Marta's Varenyky



Marta's Varenyky
New: Apr 2020

Ingredients (yields between 30-40)
Dough
1 egg
1 tbsp sour cream
1/4 cup lukewarm water
1/2 cup milk
0.5 tsp salt


Filling
2 pounds of Yukon gold potatoes, peeled and cut into chunks
2 large sweet or yellow onions, diced

plenty of sunflower oil
plenty of unsalted butter
ground pepper
sour cream for serving


Filling
1. Put potatoes into salted water and boil
2. Sautee onions in oil at medium low heat, add pepper and salt as needed
3. When potatoes are done, mash well, add half the caramelized onions, set aside to cool

Dough
1.Whisk eggs together with sour cream, lukewarm water and milk until you get an even texture.
2. To the liquid ingredients, add in flour, and salt. Knead the dough by hand or a stand-up mixer until it's no longer sticky.
3. Let rest in fridge breifly

Varenyky
1. Bring large pot of salted water to a relaxed boil
2. Roll dough about twice as thick as ravioli and cut out with a cup
3. Form varenyky
4. Add 5-7 to boiling water, once they float to the top, wait 20 s and scoop out
5. Put in a buttered bowl or a buttered frying pan to fry




Original:
ingredients (yields between 30-40)
2 - 2.5 cups of all purpose flower
2 large sweet or yellow onions
1.5 - 2 pounds of Yukon gold potatoes
plenty of sunflower oil
plenty of unsalted butter
1 egg
a cup of warm water
salt
ground pepper
sour cream for serving

a 2.5 inch diameter mug/cup
rolling pin
a fork
a teaspoon
one medium pot for mashed potatoes
one large pot for boiling pierogies
one large pan for caramelizing onions

1. start by peeling potatoes and then cut into big chunks. have a pot of salted water ready to put potatoes in as you go so they don't turn brown. then boil!
2. dice onions and add into a pan of a generous amount of sunflower oil with 2-3 pinches of salt on medium-low heat. amount of oil is per your discretion but it should definitely coat the entire bottom of the pan.

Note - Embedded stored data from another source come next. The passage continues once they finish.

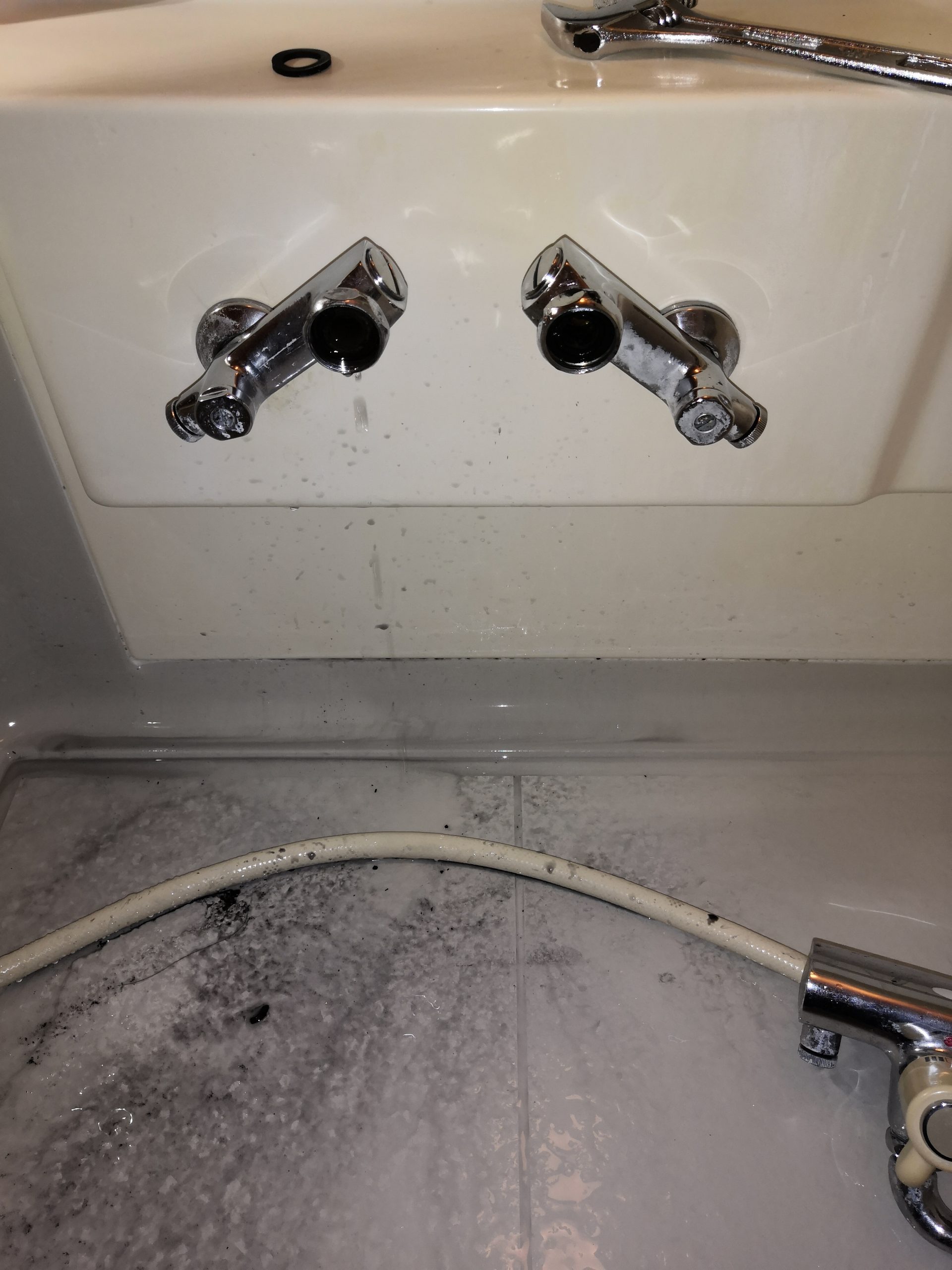 パッキンを見てみようとナットを緩めたら、黒いお湯がでてきて、パッキンが粉々になっていました。。。。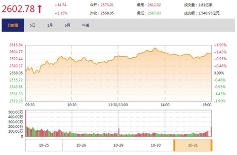 10月的最后一个交易日,沪深两市股指小幅高开,随后沪指盘中重返2600点上方,深成指及创指盘中一度涨超2%,临近尾盘,三大股指经过短暂整理后再度小幅拉升,两市成交量明显放大,沪市成交1549亿元,深市成交1600亿元。截至收盘,沪指报2602.78点,涨幅1.35%;深成指报7482.83点,涨幅1.46%;中小板指报4999.83点,涨幅1.54%;创业板指报1275.57点,涨幅1.24%。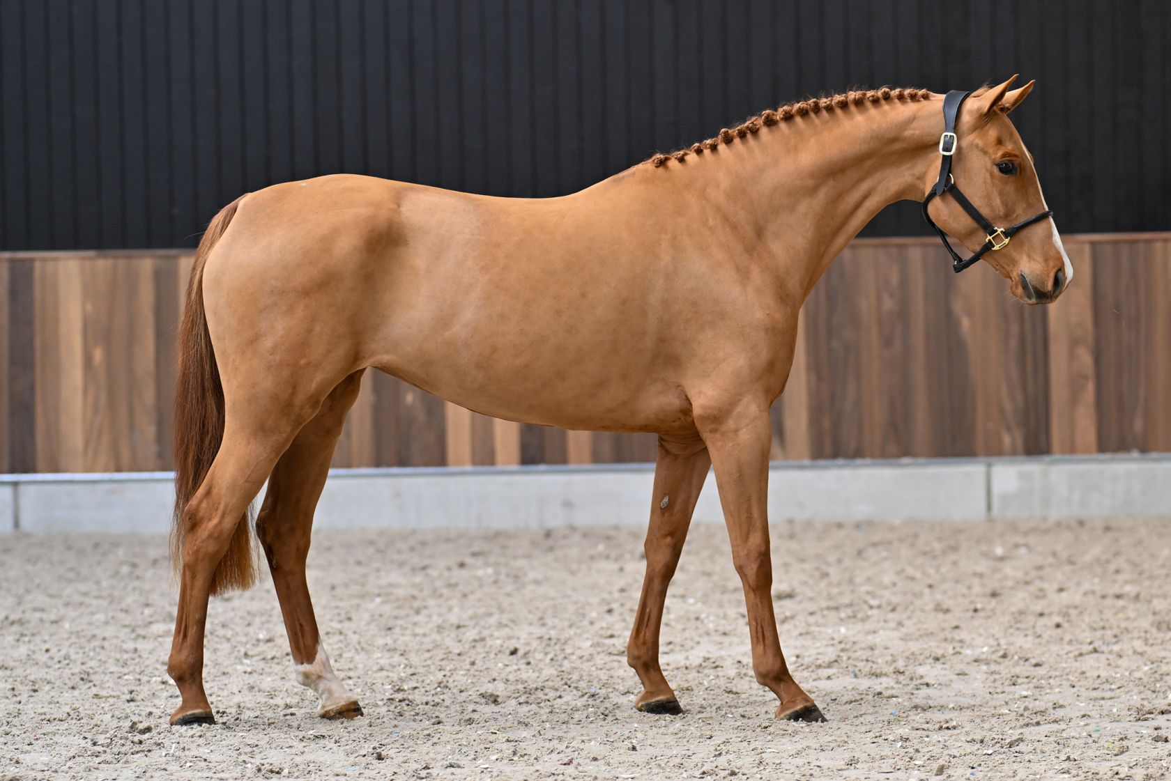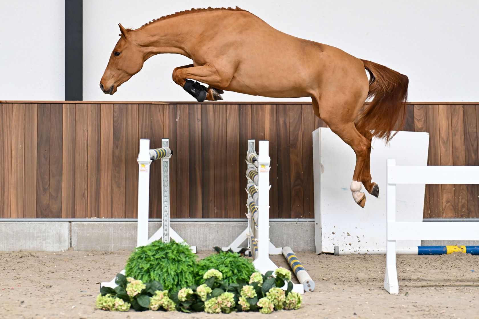 Surprise is a beautiful 4‑year‑old chestnut mare that jumps with great ease and confidence, showing quick reflexes and a sharp front leg. She is a sister to Line Karlsen Raaholt’s 1m50 jumper Cupido and is related to 1m55 jumping Hocus‑Pocus and Rosalind Canter’s legendary 5* eventer Zenshera.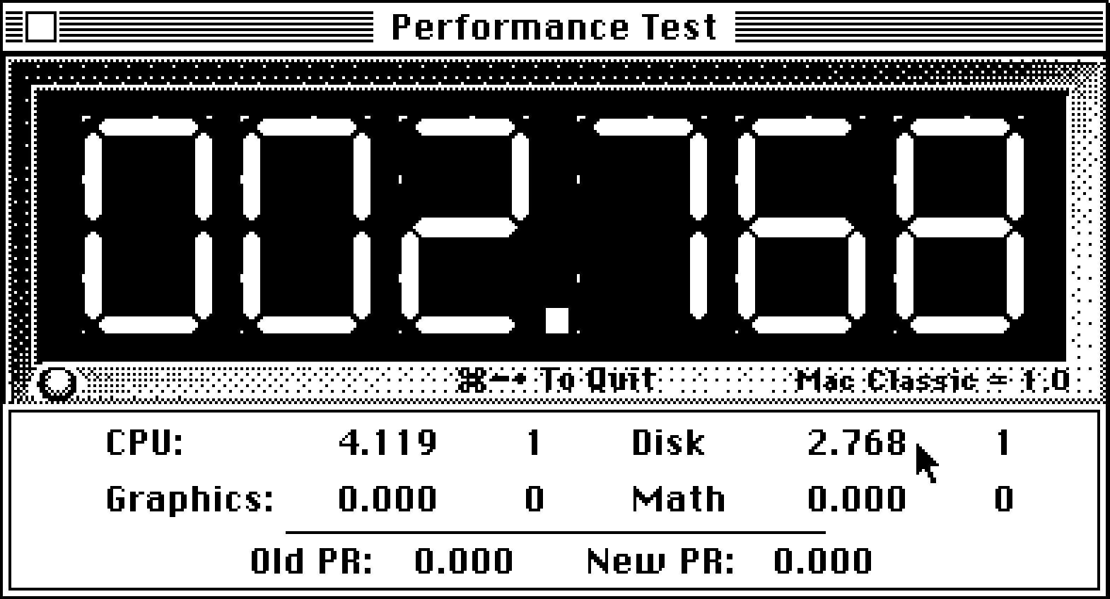 2.719 disk speed!! Great. And of course with the slightly faster clock on the final version, speed should be increased by another 4% or so! I am hoping to slightly exceed the SE/30's CPU score.

now it's time for dough! it's like pasta dough so you'll be very familiar with it!

3. make a flour volcano and then put a hole in the middle.
4. add some of the warm water and then stir with your fork until flour clumps together. do that 1-2 more times and add pinches of salt, not too much salt though.
4a. stir the onions!
5. then once 1/2 of the flour is mushed up, add the egg and fork it around a bit.
6. then you know the drill! finish that dough by rolling it into a cute ball, baby!

now it's time to wrap the dough in plastic or whatever to chill in the fridge for 5 minutes while you make the mash. AND time to add a big pot of salted water (about 1/3-1/2 of the pot should be water) on medium heat for boiling. should NOT be come to rolling boil. a relaxed boil...

7. strain potatoes and mash with a tablespoon or two of butter.
8. onions should be a nice golden brown by now, and if they are, turn the burner off and add half of them to the pot of potatoes and mix. add some salt if you need to. definitely add ground pepper.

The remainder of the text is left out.